Hallo mein Name ist Marielies Schwarz und dich bin Studentin an der Wirtschaftsundiversität Wien. Wir schreiben gerade an einer Seminararbeit zum Thema Passivhausbau. Um unsere Marktanalyse genauer gestallten zu können, machen wir eine Umfrage bei Leuten, die gerade ein Haus bauen, die vorhaben eines zu bauen oder die schon eine Haus gebaut haben (muss nicht Passivhaus sein). Na hätte jem. Lust mitzumachen. Es wären 10 sinnvoll investierte Minuten und ich wäre Ihnen sehr dankbar. Ich kann den Fragebogen per email verschicken oder auch anrufen. Liebe Grüße und Danke Marielies
  • Name:
  • Marielies
  1. Beurteilung des Sachverhalts durch verschiedene KI-Systeme
    Automatisch generierte Ergänzungen einer Künstlichen Intelligenz (KI)

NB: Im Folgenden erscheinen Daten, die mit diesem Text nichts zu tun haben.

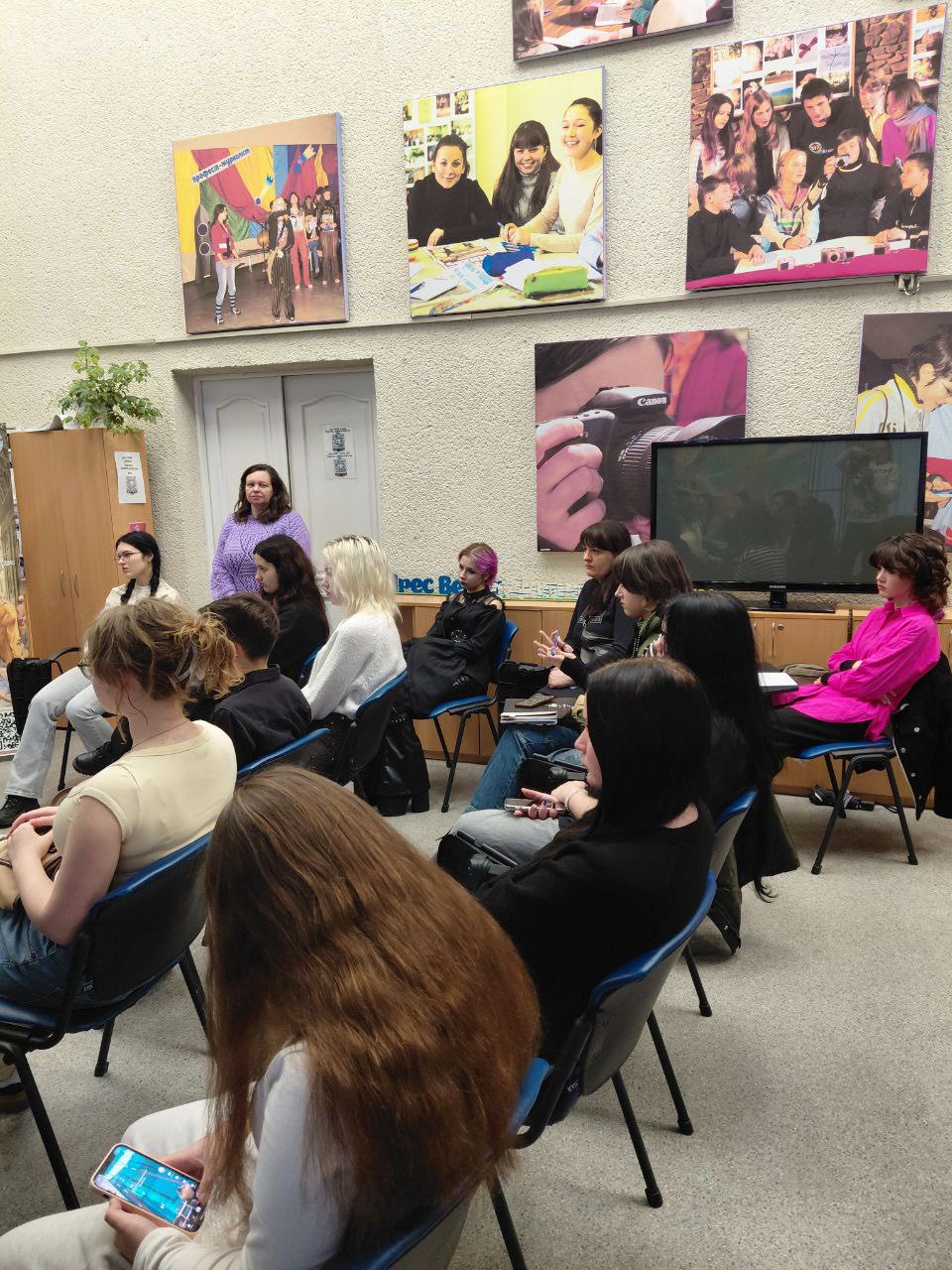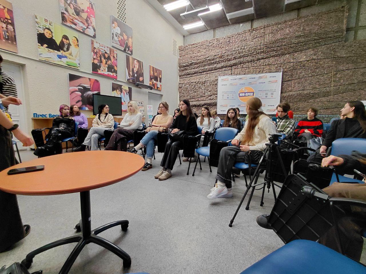 Спікерка активно залучала студентів до практичних вправ, що моделювали реальні умови роботи. Протягом заходу одна зі студенток у форматі інтерв’ювання ставила запитання, готуючись до портретного матеріалу та відпрацьовуючи техніку глибинної розмови. Частина групи зімітувала натовп, відтворивши атмосферу подій січня 2014 року, а інша студентка в цей час підготувала й проводила імпровізоване «пряме включення». Так учасники змогли побачити, як журналіст працює у змінних і напружених умовах.

    Automatisch generierte KI-Ergänzungen

    Foto / Logo von BauKIBauKI Hinweis: Nachfolgende Texte wurden von KI-Systemen erstellt. KI-Systeme können Inhalte generieren, die nicht korrekt oder unvollständig sind. Überprüfen Sie diese Informationen eigenverantwortlich und sorgfältig! Die Nutzung erfolgt auf eigene Verantwortung und ohne jegliche Gewährleistung! Es findet keine Rechts-, Steuer-, Planungs- oder Gutachterberatung statt. Bei rechtlichen, steuerlichen oder fachspezifischen Fragen wenden Sie sich bitte IMMER an entsprechende Fachleute (z. B. Fachanwalt, Steuerberater, Sachverständige).

    Sicherheitshinweise

    🔴 KRITISCH: Keine persönlichen, vertraulichen oder rechtlich geschützten Daten (z. B. E-Mail, Telefonnummer, Adresse, Bankverbindung) an die Umfrage versenden – solange keine valide DSGVO-konforme Datenschutzerklärung vorliegt.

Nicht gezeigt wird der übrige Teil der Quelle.